Super cool to see the interest around DuckDB spatial that this has created! I'm well aware that some things are still a little rough around the edges, e.g. the lack of spatial indexes, slow spatial joins and lack of predicate pushdown into structs. While I really wish I could bring these features to you sooner, I'll just do a shameless plug and mention that we've not been able to secure any funding for development on the spatial extension in particular (either through client projects or support contracts) and I therefore have to spend more of my energy on other projects. That said we're really grateful to just receive feedback and bug reports, and I'll make a note of any limitations people end up running into or use cases to support in the future.

0 replies

Sok46 · 2023-09-15T08:15:33Z

Sok46
Sep 15, 2023

I used the example from the instructions for DuckDB and tried to remake it to match the attributes of buildings. But the code doesn't work. What am I doing wrong?

db = duckdb.connect()
db.execute("INSTALL spatial")
db.execute("INSTALL httpfs")
db.execute("""
LOAD spatial;
LOAD httpfs;
SET s3_region='eu-central-1';
""")

db.execute("""
COPY (
    SELECT
           type,
           names,
           height,
           numFloors,
           class,
           JSON(names) AS names,
           JSON(sources) AS sources,
           ST_GeomFromWkb(geometry) AS geometry
      FROM read_parquet('s3://overturemaps-us-west-2/release/2023-07-26-alpha.0/theme=buildings/type=*/*', filename=true, hive_partitioning=1)
     WHERE ST_GeometryType(ST_GeomFromWkb(geometry)) IN ('POLYGON','MULTIPOLYGON')
    limit 100
) TO 'buildings.geojson'
WITH (FORMAT GDAL, DRIVER 'GeoJSON');
""")

Can you show an example of DuckDB code for issuing geojson buildings for a specific city?
I'm new to this, please forgive me if the question seems stupid

1 reply

mtravis Sep 19, 2023
Collaborator

This example which is almost a carbon copy of yours works for me in the DuckDB cli but not in python at first.

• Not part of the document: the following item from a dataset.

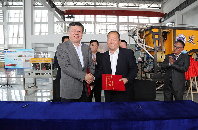 中科院海洋所是从事海洋科学研究、高新技术研发的综合性海洋科研机构,在国际海洋科学领域具有重要影响的研究所,拥有海洋科学领域的优秀专家学者、水下机器人(ROV)设计开发、试验研究技术人员和ROV研发后勤供给保障基地。中?;怨痰匮Х瘢ㄉ钲冢┯邢薰驹诠?span>ROV工程领域处于领军地位,拥有较大规模的ROV研发人员、ROV设备、操作技术人员和后勤基地。双方在进行ROV相关技术合作过程中建立了深厚友谊。为更好地服务海洋科研事业及海洋工程装备发展需求,积极响应王清宪书记提出的“学深圳赶深圳”有关要求,双方决定签订战略合作协议并共建ROV技术研发中心。这一举措是海洋所筹建中科院海洋大科学研究中心的重要布局,同时也是服务山东省新旧动能转换和青岛市“海洋攻势”的重要行动。双方将以此次签约及挂牌仪式为契机,抓住海洋战略发展的良好机遇,打造一流的科技创新平台和海洋工程人才培养高地,助力山东省和青岛市新旧动能转换工程,共同推动我国海洋科技事业扬帆远航、驶向深蓝。

Turns out I was on version 0.7 in python so upgraded to 0.8 and your example worked.

BruceHarold · 2024-01-29T15:44:50Z

BruceHarold
Jan 29, 2024

I did a blog post for the Esri community board I run. I really should have read the data into a dataframe and let that handle the field schema, next time maybe, but anyway a good exercise.

2 replies

Maxxen Jan 29, 2024

FYI, querying nested structs in remote parquet files is going to be a lot faster next release, see duckdb/duckdb#10314

jwass Jan 29, 2024
Collaborator

Also - we're going to work on better spatial partitioning on the Overture side so that row group filtering using the bbox will be more effective.

BruceHarold · 2024-04-18T20:28:45Z

BruceHarold
Apr 18, 2024

Here is a Notebook that extracts transportation/segments features from an arbitrary division_area in the divisions theme, which I think will be a common pattern.
I'm seeing 22-25 minutes to retrieve the data, if anyone has tips for more speed let us all know. It's a pretty big theme.

I'll get to unnesting the road column next, which is where a lot of value is.

ExtractSegments.zip

5 replies

jwass Apr 18, 2024
Collaborator

Hi @BruceHarold,
Here's how I'd do this- which runs in about 30s on my laptop

import duckdb

conn = duckdb.connect("./segments.duckdb")
conn.sql("install spatial;load spatial;")
conn.sql("install httpfs;load httpfs;")
conn.sql("set s3_region='us-west-2';")

bbox, wkt = conn.sql("""
select
    bbox,
    ST_AsText(ST_GeomFromWKB(geometry)) AS wkt
from read_parquet('s3://overturemaps-us-west-2/release/2024-04-16-beta.0/theme=divisions/type=division_area/*', filename=true, hive_partitioning=1)
where
    country = 'DE'
    and subtype = 'region'
    and names.primary = 'Berlin';"""
).fetchall()[0]

segments = conn.sql(f"""
create or replace table segments as
select
    *
from read_parquet('s3://overturemaps-us-west-2/release/2024-04-16-beta.0/theme=transportation/type=segment/*', filename=true, hive_partitioning=1)
where
    bbox.xmin <= {bbox["xmax"]}
    AND bbox.xmax >= {bbox["xmin"]}
    AND bbox.ymin <= {bbox["ymax"]}
    AND bbox.ymax >= {bbox["ymin"]} 
    AND ST_Intersects(ST_GeomFromText('{wkt}'), ST_GeomFromWKB(geometry));
"""
)

This doesn't create all the views like you have so it's just pared down to the core parts.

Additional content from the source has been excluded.